» EXERCISE MATERIAL:
*****
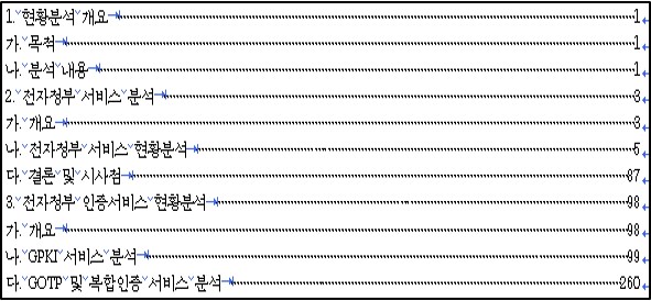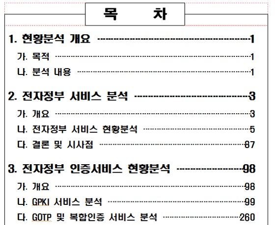 - 목차는 일반적으로 전체 페이지에 대한 목차, 표에 대한 목차, 그림에 대한 목차로 분류된다.
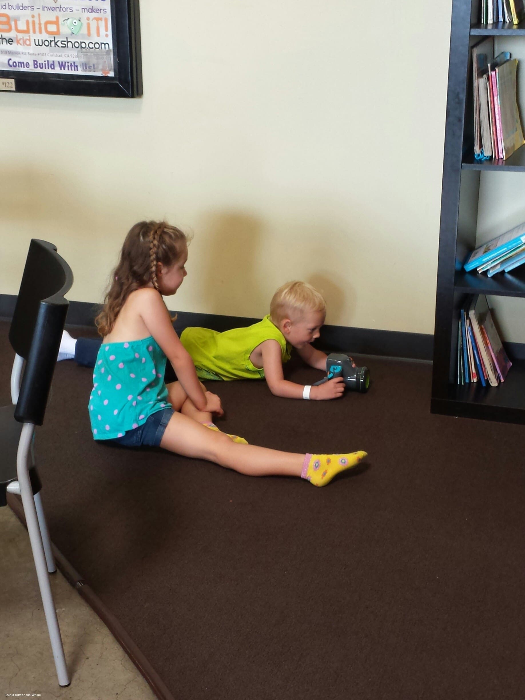 If you are looking for a gift for a little one in your life I’ve got it!! SERIOUSLY!!!!! I’m not sure who is having more fun with this ShowCam by PlaySkool the adults or the kids!! The ShowCam is FUN, EASY TO USE and TOUGH!!! Eli is 3, and he must have dropped the ShowCam a dozen times on the concrete floor while we were at PlayWerx in Carlsbad during our last play date. Alice is 2 and she’s dropped it down the stairs AND on the pavement. Not only does the ShowCam still work like a dream but the camera itself doesn’t have a chip, ding or mark on it!! Leave it to PlaySkool to make a tough and rugged, AWESOMELY FUN toy!!
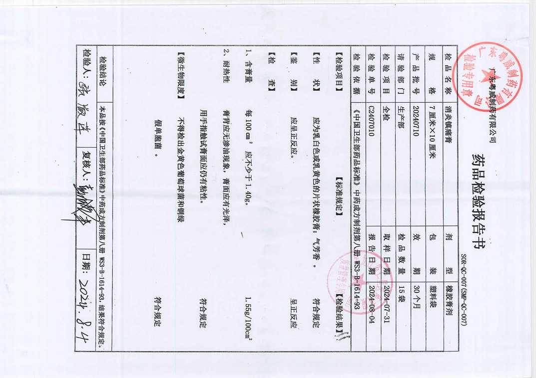 消炎鎮(zhèn)痛膏20240
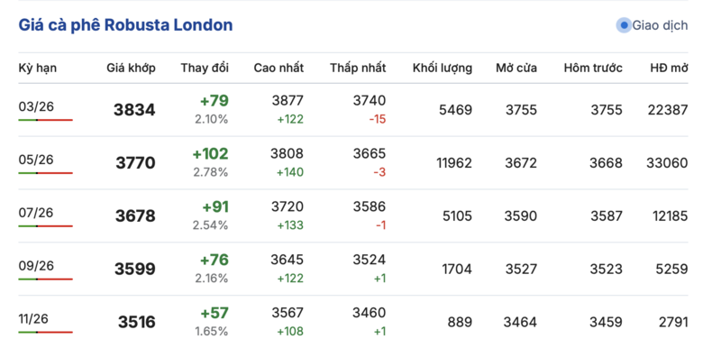 Kết thúc phiên giao dịch gần nhất, giá cà phê Robusta tại London đảo chiều tăng mạnh đồng loạt trong các kỳ giao hàng. Cụ thể, kỳ giao tháng 1/2026 tăng 79 USD/tấn, lên mức 3834 USD/tấn. Trong khi đó, hợp đồng giao kỳ hạn tháng 11/2026 cũng tăng 57 USD/tấn, đạt mức 3516 USD/tấn.
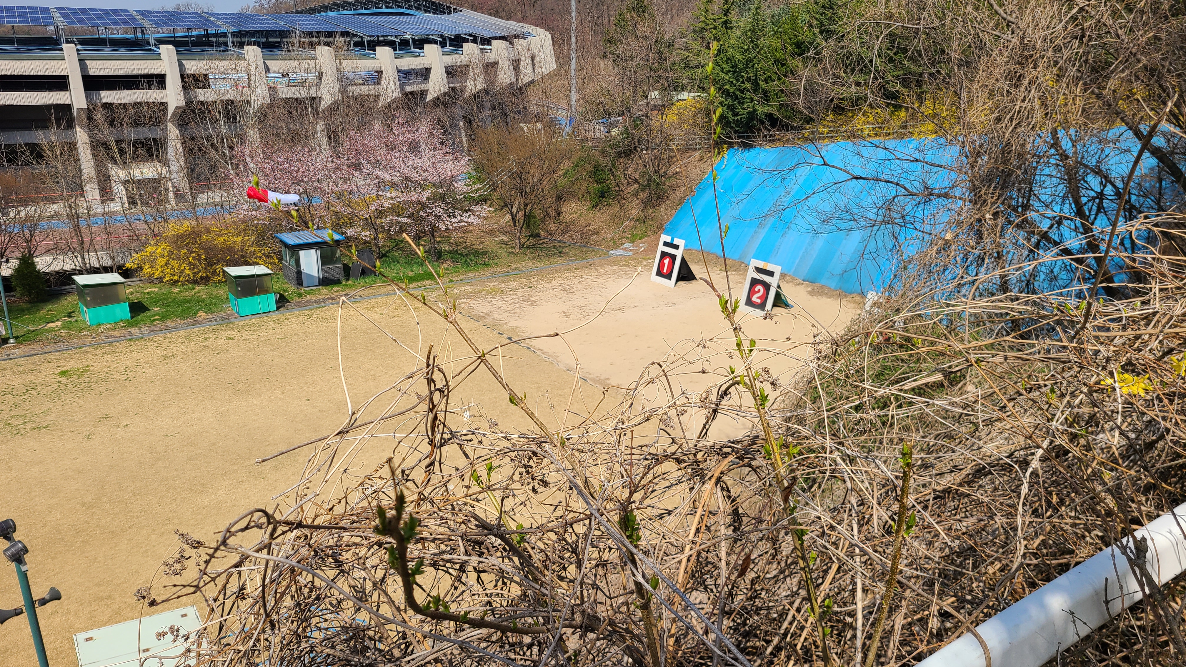 활터가 원미산 자락에 있어 사대에 서면 진달래군락과 구경군들을 볼 수 있는데
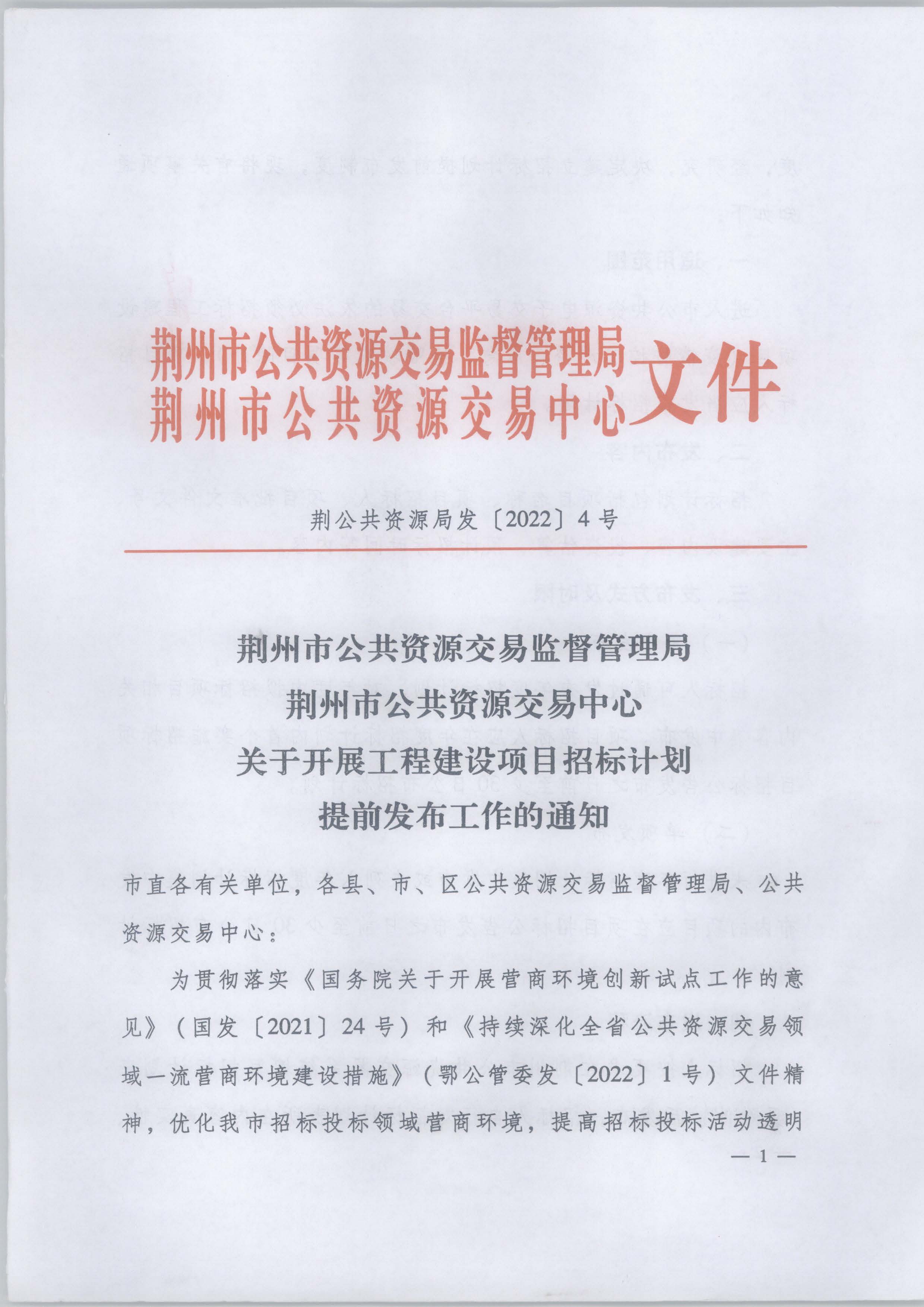 关于开展工程建设项目招标计划提前发布工作的通知
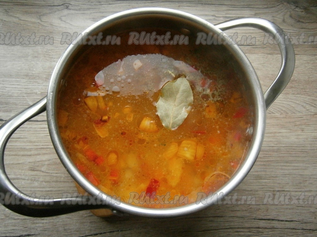 Варить суп с момента закипания на слабом огне около 7 минут, после чего добавить специи и лавровый лист.
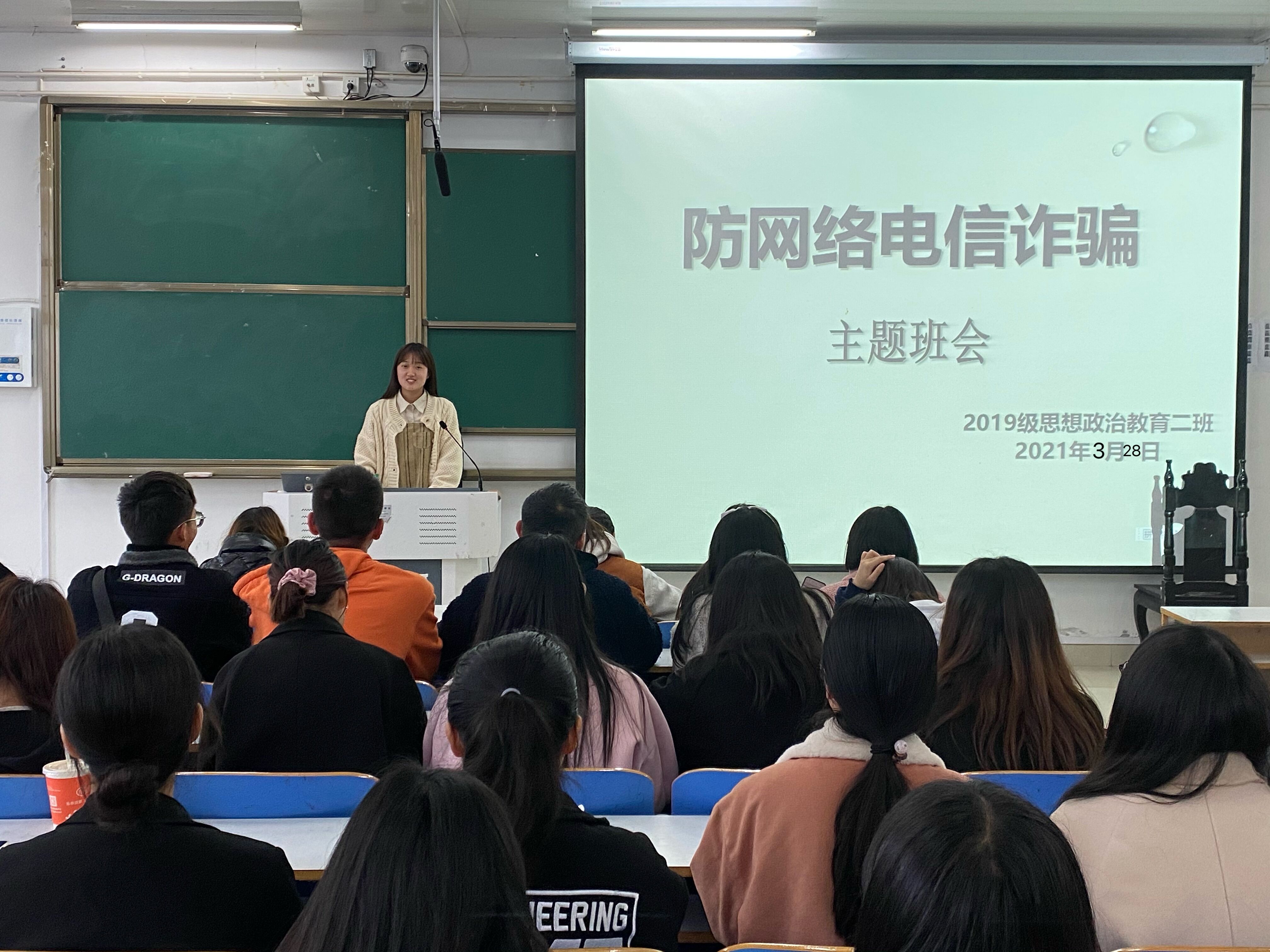 为进一步提升我校大学生网络防诈骗意识,增强防范网络诈骗能力,3月28日上午,beat3652019级思想政治教育二班在社科楼516教室召开“防网络电信诈骗”主题会议。2019级思想政治教育二班全体成员共同参会。会议由团支书孙雅娴主持。
*****
» YOUR GOAL:
In your reply, please set down exactly the lines from the one containing "Kết thúc phiên" through the end of the records, with the pictures left out.

» COMPLETED TASK:
 Kết thúc phiên giao dịch gần nhất, giá cà phê Robusta tại London đảo chiều tăng mạnh đồng loạt trong các kỳ giao hàng. Cụ thể, kỳ giao tháng 1/2026 tăng 79 USD/tấn, lên mức 3834 USD/tấn. Trong khi đó, hợp đồng giao kỳ hạn tháng 11/2026 cũng tăng 57 USD/tấn, đạt mức 3516 USD/tấn.
 활터가 원미산 자락에 있어 사대에 서면 진달래군락과 구경군들을 볼 수 있는데
 关于开展工程建设项目招标计划提前发布工作的通知
 Варить суп с момента закипания на слабом огне около 7 минут, после чего добавить специи и лавровый лист.
 为进一步提升我校大学生网络防诈骗意识,增强防范网络诈骗能力,3月28日上午,beat3652019级思想政治教育二班在社科楼516教室召开“防网络电信诈骗”主题会议。2019级思想政治教育二班全体成员共同参会。会议由团支书孙雅娴主持。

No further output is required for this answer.